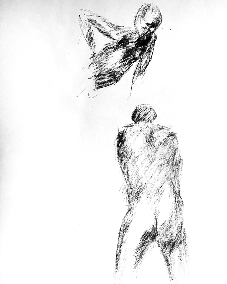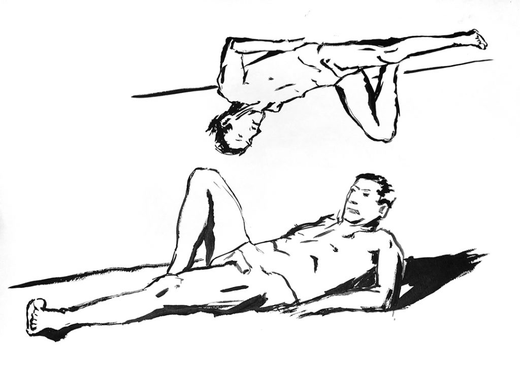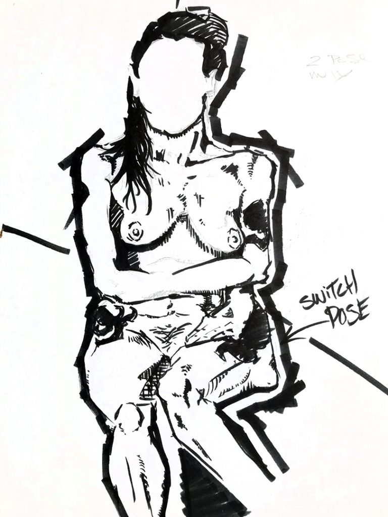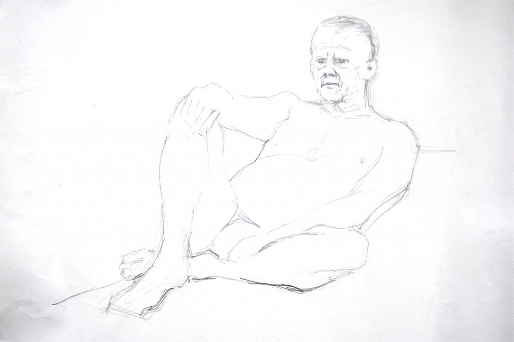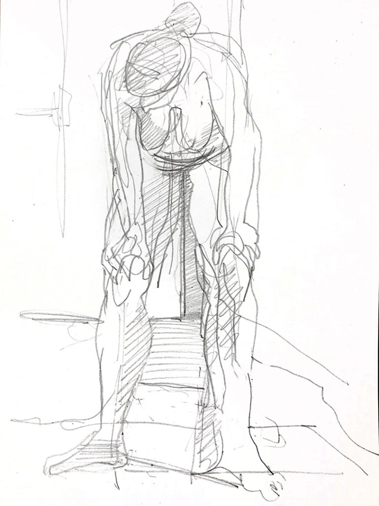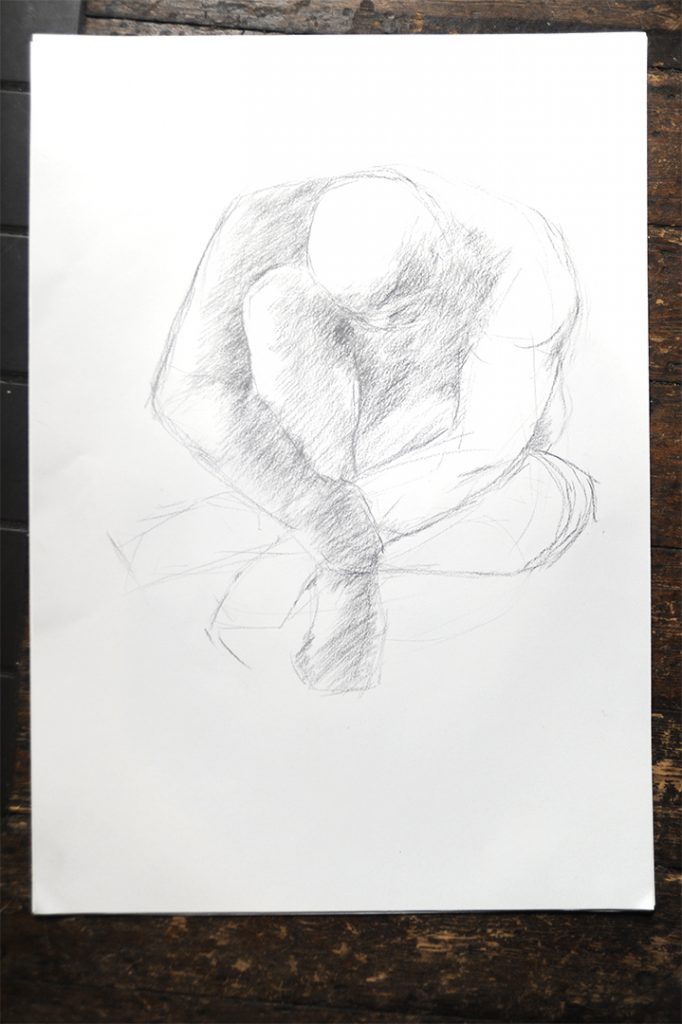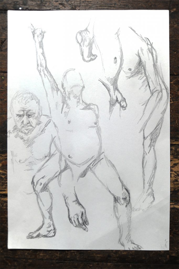 Much enjoyed and energetic session with Paul (modelling) this week who improvised daringly with the furniture to hand. For several of these poses he was up on a table giving a good POV all round. Thanks everyone for coming!…1/2/23
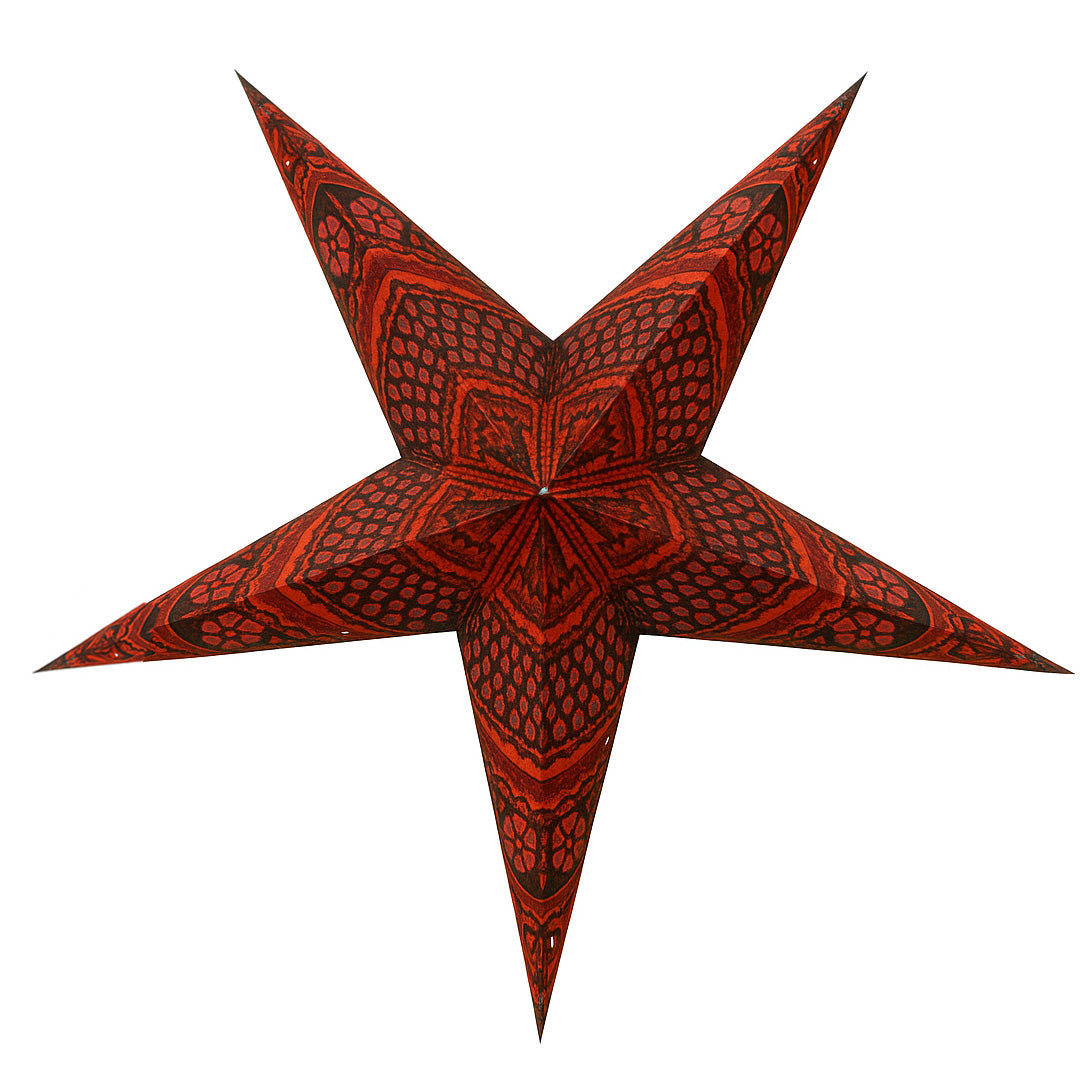 Lassen Sie das Licht erstrahlen mit dem Moonmind Surya Papierstern – einer handgefertigten, fünfzackigen Lampe mit kunstvollem Muster in tiefem Rot und elegantem Schwarz.
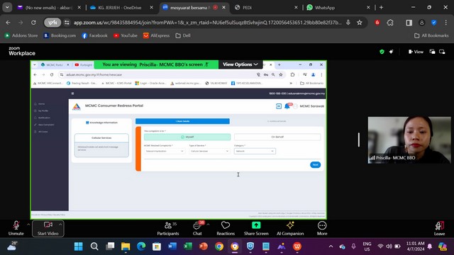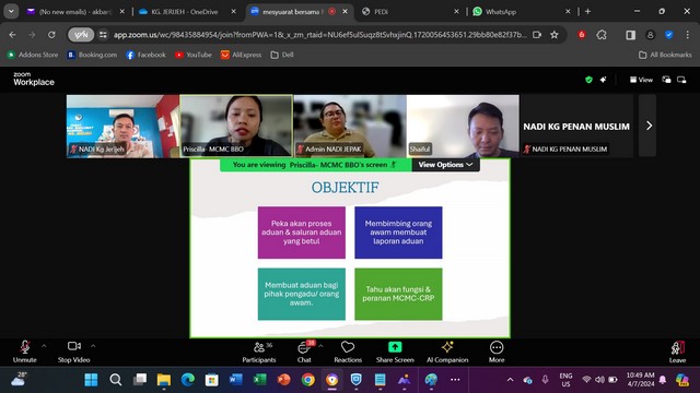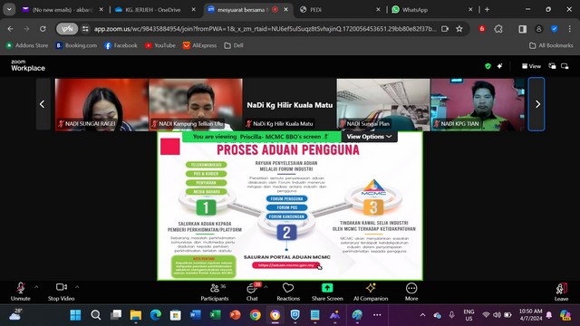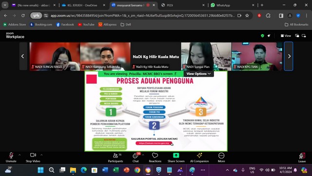 5 Julai 2024 | Aktiviti TerkiniPada 4 Julai 2024, Mesyuarat MCMC Bintulu bersama NADi Kluster Bintulu, Mukah & Dalat, dan TMMD 2024 telah dilaksanakan. Mesyuarat ini diadakan untuk membincangkan secara terperinci peranan NADI dan permasalahan yang timbul serta memberi saranan kepada semua NADI untuk meningkatkan lagi peranan NADI sebagai pusat sebaran maklumat yang penting. Sesi taklimat tentang portal aduan turut diselit bagi memberi pendedahan kepada staf untuk mengetahui cara untuk membuat aduan yang betul dan mengikut langkah yang sepatutnya. Mesyuarat ini diadakan menggunakan aplikasi Zoom Meet yang berlangsung sekitar jam 9.30 pagi sehingga 12.30 petang.
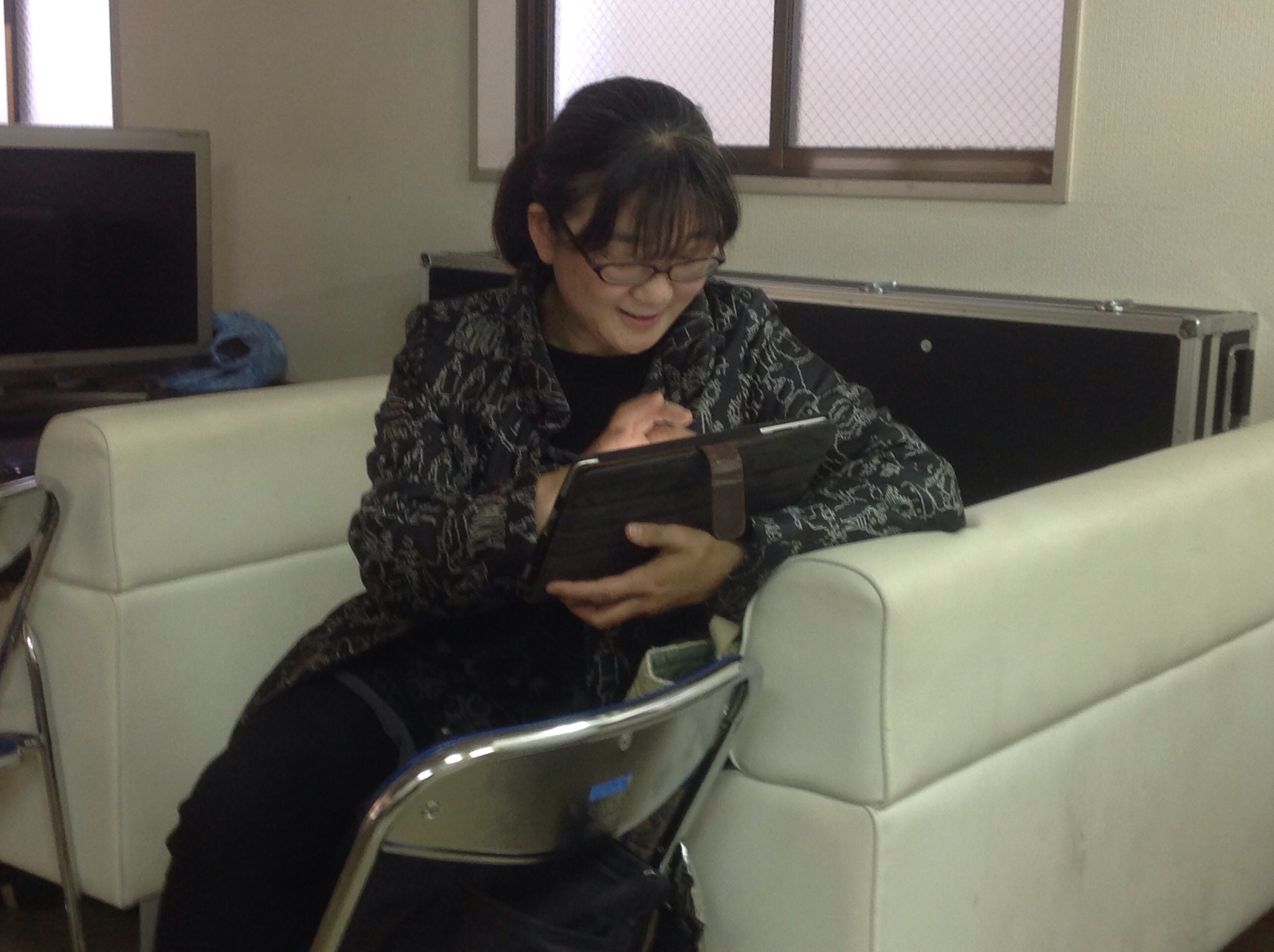 礼拝が終わり、片付けています。 日本キリスト教史上下を買ってね。まどか

** What you are asked to do **
Repeat the data word for word, minus any pictures.

** Exercise result **
 Much enjoyed and energetic session with Paul (modelling) this week who improvised daringly with the furniture to hand. For several of these poses he was up on a table giving a good POV all round. Thanks everyone for coming!…1/2/23
 Lassen Sie das Licht erstrahlen mit dem Moonmind Surya Papierstern – einer handgefertigten, fünfzackigen Lampe mit kunstvollem Muster in tiefem Rot und elegantem Schwarz.
 5 Julai 2024 | Aktiviti TerkiniPada 4 Julai 2024, Mesyuarat MCMC Bintulu bersama NADi Kluster Bintulu, Mukah & Dalat, dan TMMD 2024 telah dilaksanakan. Mesyuarat ini diadakan untuk membincangkan secara terperinci peranan NADI dan permasalahan yang timbul serta memberi saranan kepada semua NADI untuk meningkatkan lagi peranan NADI sebagai pusat sebaran maklumat yang penting. Sesi taklimat tentang portal aduan turut diselit bagi memberi pendedahan kepada staf untuk mengetahui cara untuk membuat aduan yang betul dan mengikut langkah yang sepatutnya. Mesyuarat ini diadakan menggunakan aplikasi Zoom Meet yang berlangsung sekitar jam 9.30 pagi sehingga 12.30 petang.
 礼拝が終わり、片付けています。 日本キリスト教史上下を買ってね。まどか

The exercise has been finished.